Below is a listing; print exactly its lines from the one containing "新黄河记者同步获悉,青岛万象" down to the one containing "Kinel Luxury 585", both inclusive, with every picture left out.

> Entries provided:
---*---

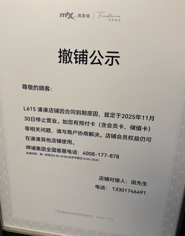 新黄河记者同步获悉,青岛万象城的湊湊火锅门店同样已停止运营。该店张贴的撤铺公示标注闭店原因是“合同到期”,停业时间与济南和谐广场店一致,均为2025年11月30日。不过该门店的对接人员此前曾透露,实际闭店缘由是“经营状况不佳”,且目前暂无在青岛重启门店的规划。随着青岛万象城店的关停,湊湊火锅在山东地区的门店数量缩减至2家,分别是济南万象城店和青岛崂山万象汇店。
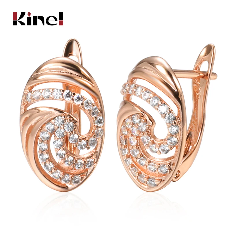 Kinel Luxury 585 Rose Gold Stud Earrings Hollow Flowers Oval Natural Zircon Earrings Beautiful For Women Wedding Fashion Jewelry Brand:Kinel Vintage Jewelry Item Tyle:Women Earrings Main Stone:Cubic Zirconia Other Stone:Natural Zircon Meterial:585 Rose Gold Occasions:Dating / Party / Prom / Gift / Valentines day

---*---

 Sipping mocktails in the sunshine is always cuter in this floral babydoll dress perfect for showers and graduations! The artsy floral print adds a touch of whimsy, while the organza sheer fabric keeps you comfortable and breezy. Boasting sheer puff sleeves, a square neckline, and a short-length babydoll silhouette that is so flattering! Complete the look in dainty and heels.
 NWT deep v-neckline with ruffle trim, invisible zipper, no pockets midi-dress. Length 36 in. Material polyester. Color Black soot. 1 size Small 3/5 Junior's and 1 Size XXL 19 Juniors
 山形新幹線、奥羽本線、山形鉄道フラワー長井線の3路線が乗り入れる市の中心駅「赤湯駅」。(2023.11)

---*---

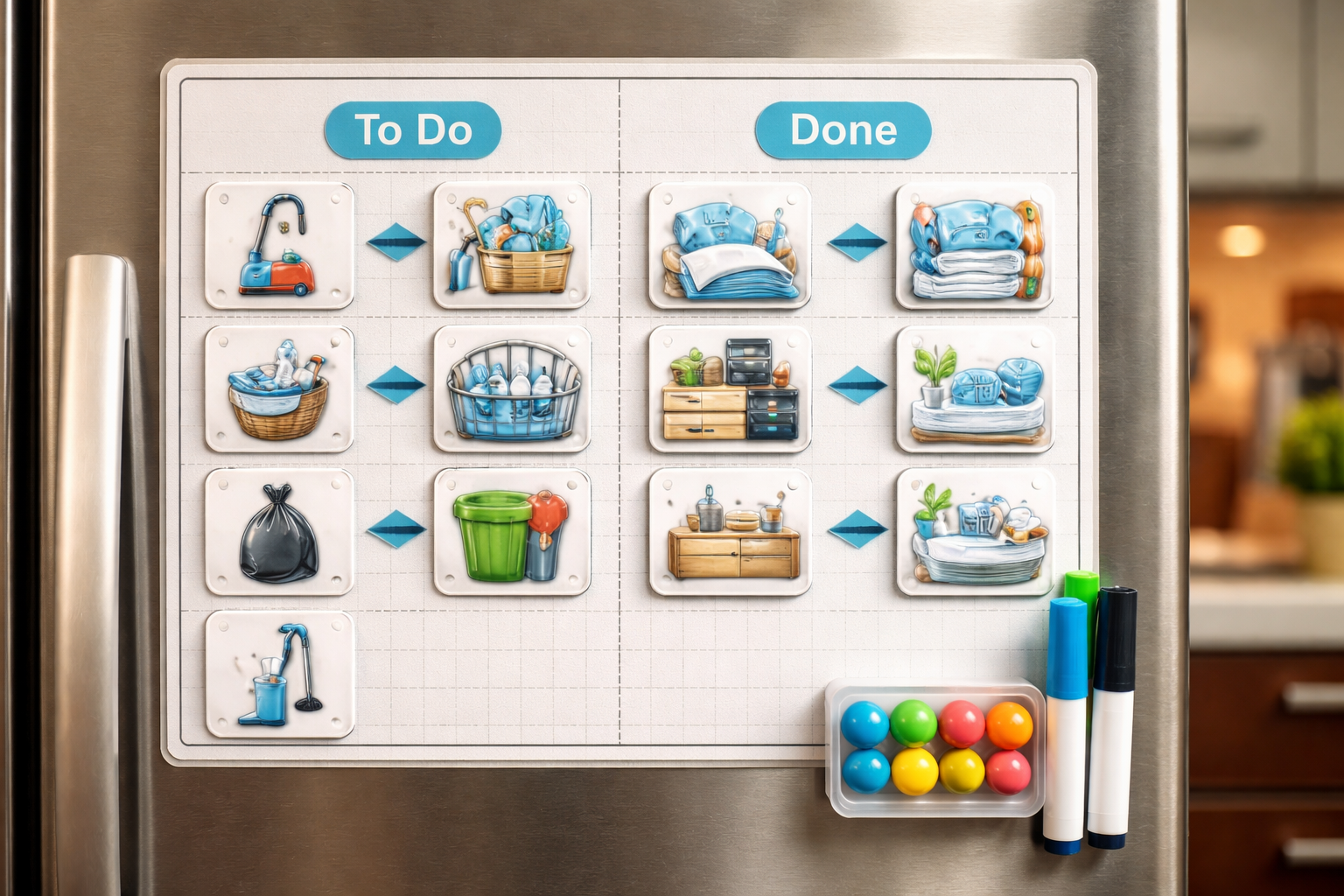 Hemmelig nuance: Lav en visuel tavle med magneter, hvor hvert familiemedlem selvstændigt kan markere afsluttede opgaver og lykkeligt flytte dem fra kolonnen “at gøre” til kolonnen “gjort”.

---*---

> Response to this task:
 新黄河记者同步获悉,青岛万象城的湊湊火锅门店同样已停止运营。该店张贴的撤铺公示标注闭店原因是“合同到期”,停业时间与济南和谐广场店一致,均为2025年11月30日。不过该门店的对接人员此前曾透露,实际闭店缘由是“经营状况不佳”,且目前暂无在青岛重启门店的规划。随着青岛万象城店的关停,湊湊火锅在山东地区的门店数量缩减至2家,分别是济南万象城店和青岛崂山万象汇店。
 Kinel Luxury 585 Rose Gold Stud Earrings Hollow Flowers Oval Natural Zircon Earrings Beautiful For Women Wedding Fashion Jewelry Brand:Kinel Vintage Jewelry Item Tyle:Women Earrings Main Stone:Cubic Zirconia Other Stone:Natural Zircon Meterial:585 Rose Gold Occasions:Dating / Party / Prom / Gift / Valentines day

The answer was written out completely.